- Opening Delimiter -

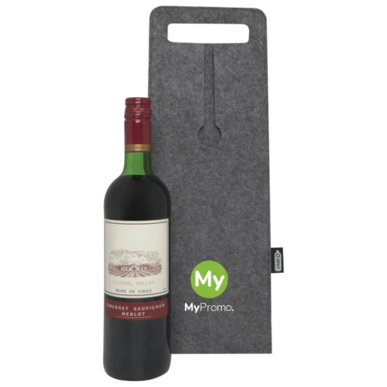 Wijntas gemaakt van zacht en duurzaam GRS gecertificeerd gerecycled vilt, met een duidelijke vorm en handgrepen voor gemakkelijk dragen. Capaciteit: 75 cl. GRS certified recycled polyester.
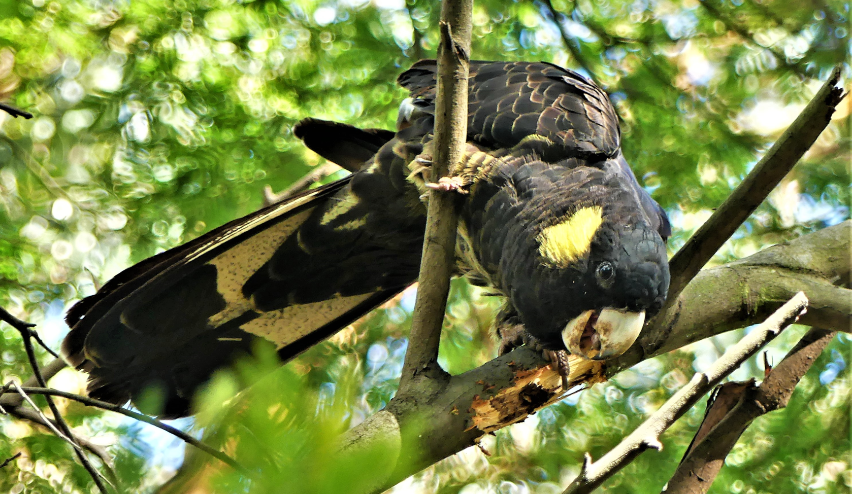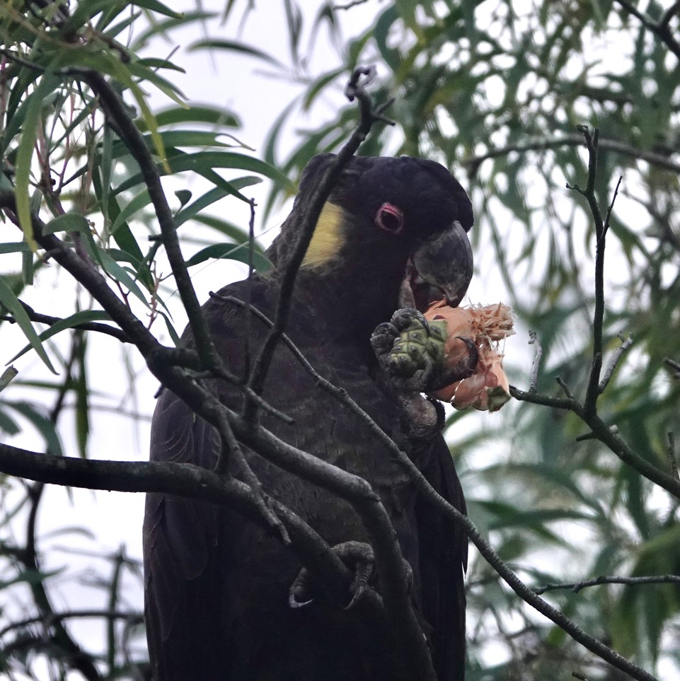 Last month, we reported that the Yellow-tailed Black-cockatoos are back in the park and our corridor in numbers. Even though not their traditional food, the cockies do seem to be rather partial to Monterey Pine cones. If you’ve ever picked up a green cone, you’ll know just how hard they are before they eventually dry out and burst open to cast their seed out on the wind.
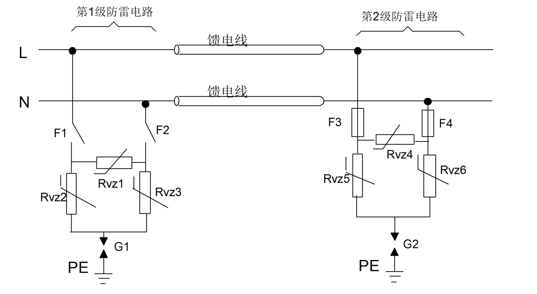 6、在整個饋電通路上存在多級防雷電路時,應注意各級防雷電路間有良好的配合關系,不應出現后級防雷電路遭到雷擊損壞而前級防雷電路完好的情況。
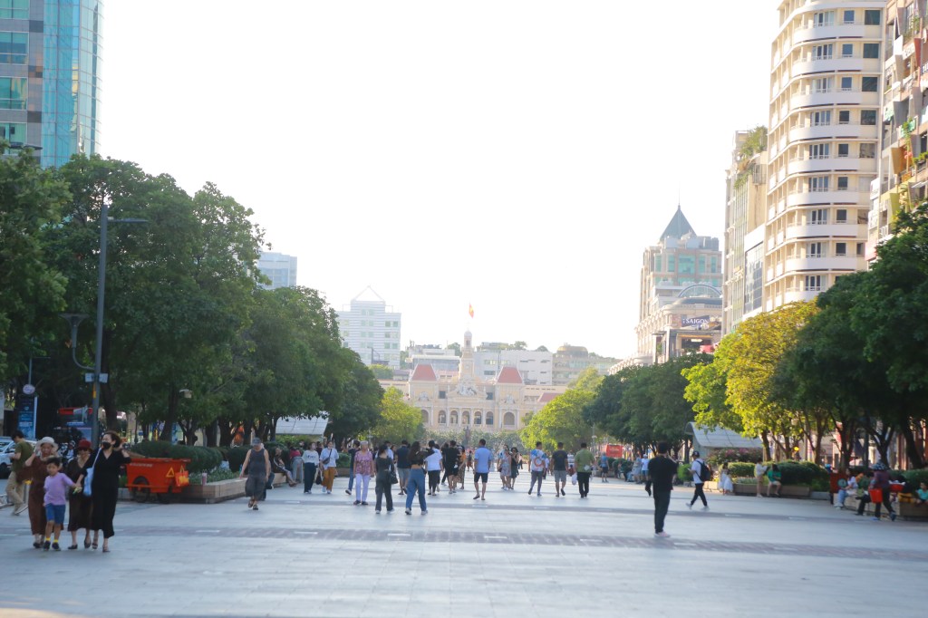 As the sun sets, Nguyen Hue Street glows with a warm golden hue, inviting you to take a stroll. The lively street is filled with people, making it the perfect backdrop for an evening photo.
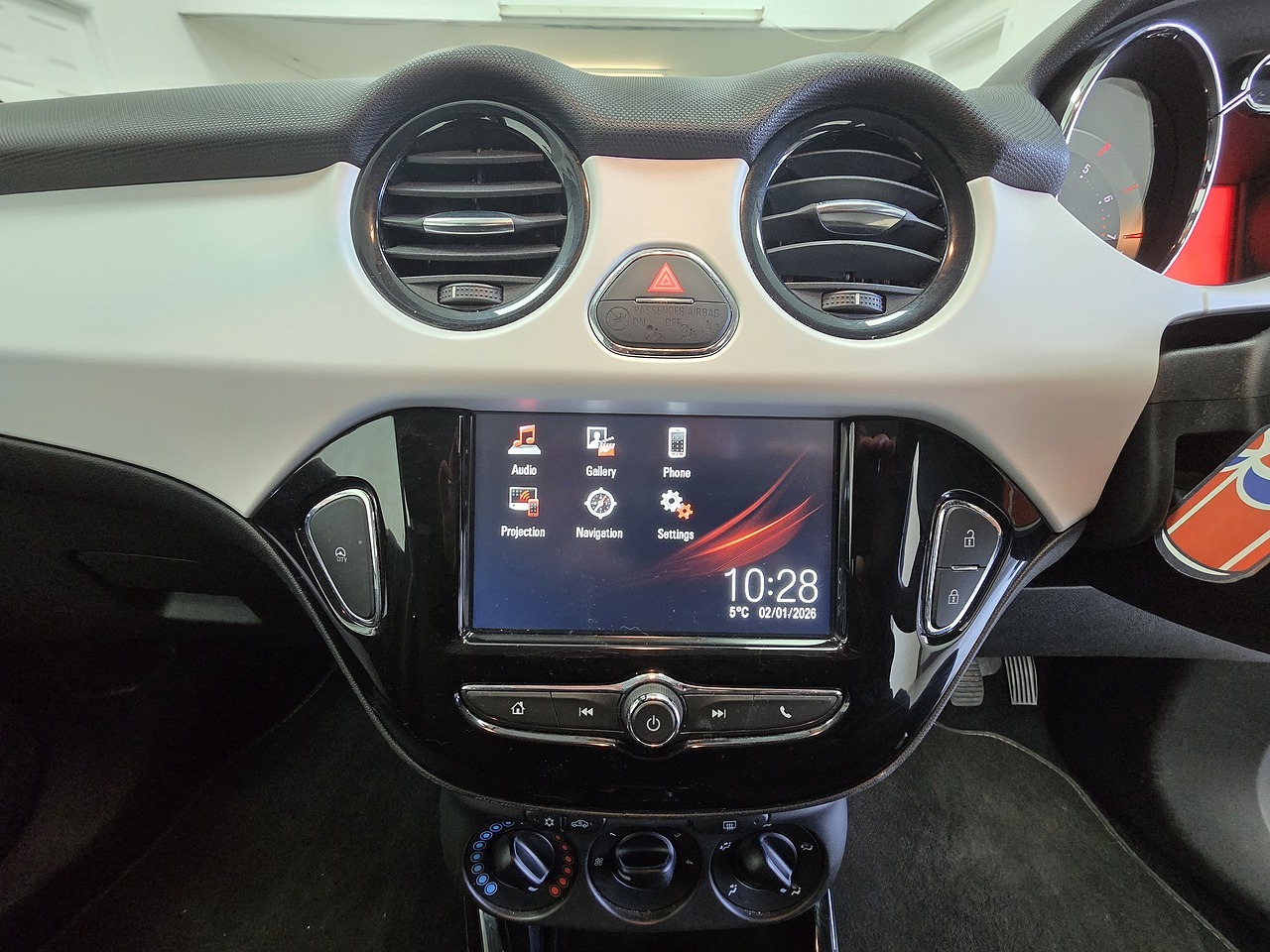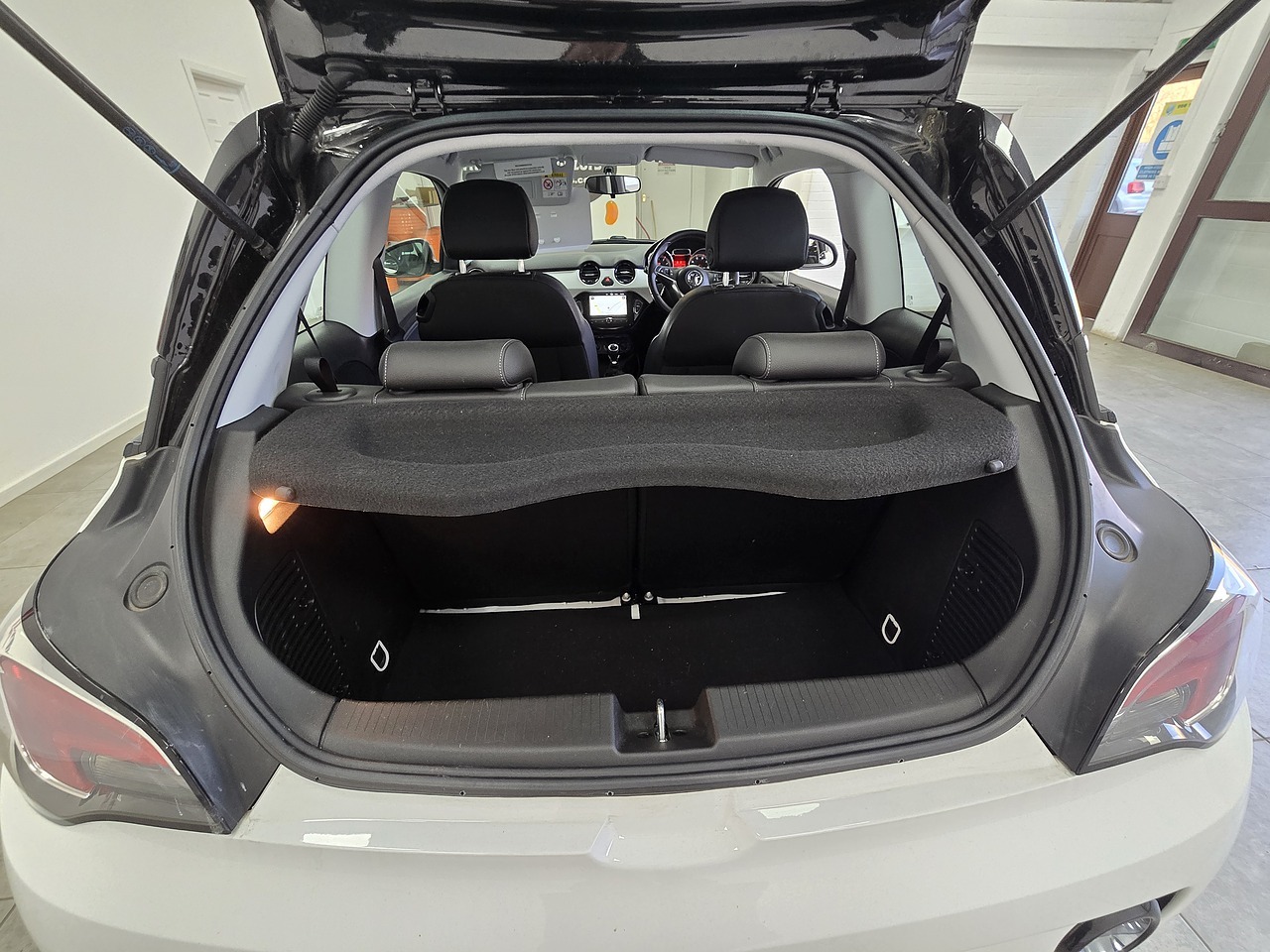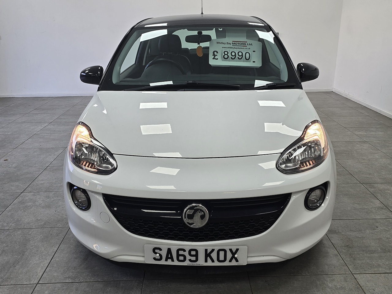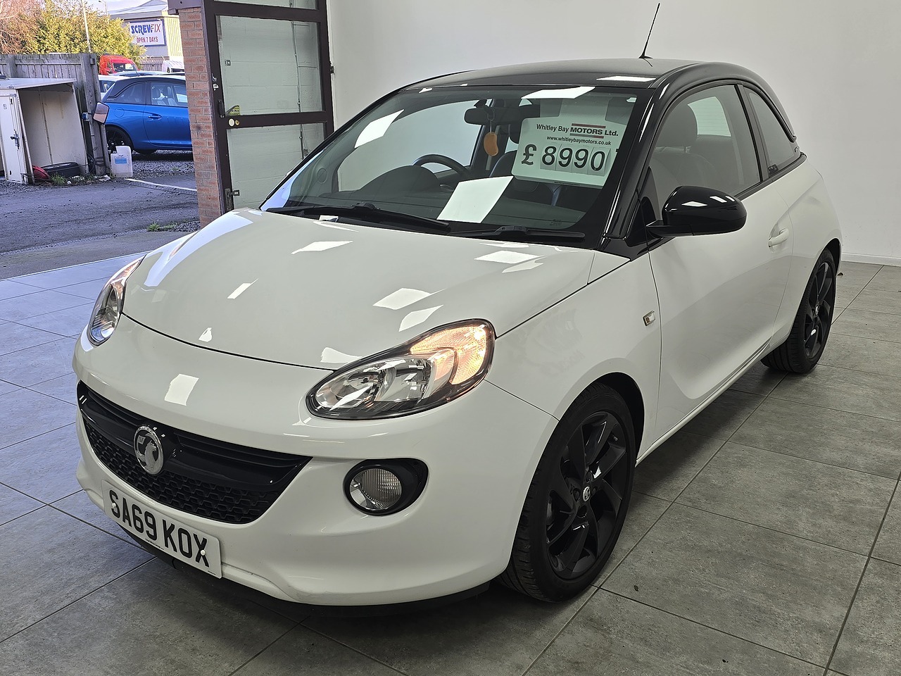 Finished in Ice White with a Black roof and mirror caps, Partial Black Leather/Cloth Upholstery and 17" Gloss Black Alloy Wheels.

- Closing Delimiter -

Problem details: Look for the line that contains "As the sun sets, Nguyen", then please copy it and the rest of the lines through the end of the data, pictures excluded.

Solution:
 As the sun sets, Nguyen Hue Street glows with a warm golden hue, inviting you to take a stroll. The lively street is filled with people, making it the perfect backdrop for an evening photo.
 Finished in Ice White with a Black roof and mirror caps, Partial Black Leather/Cloth Upholstery and 17" Gloss Black Alloy Wheels.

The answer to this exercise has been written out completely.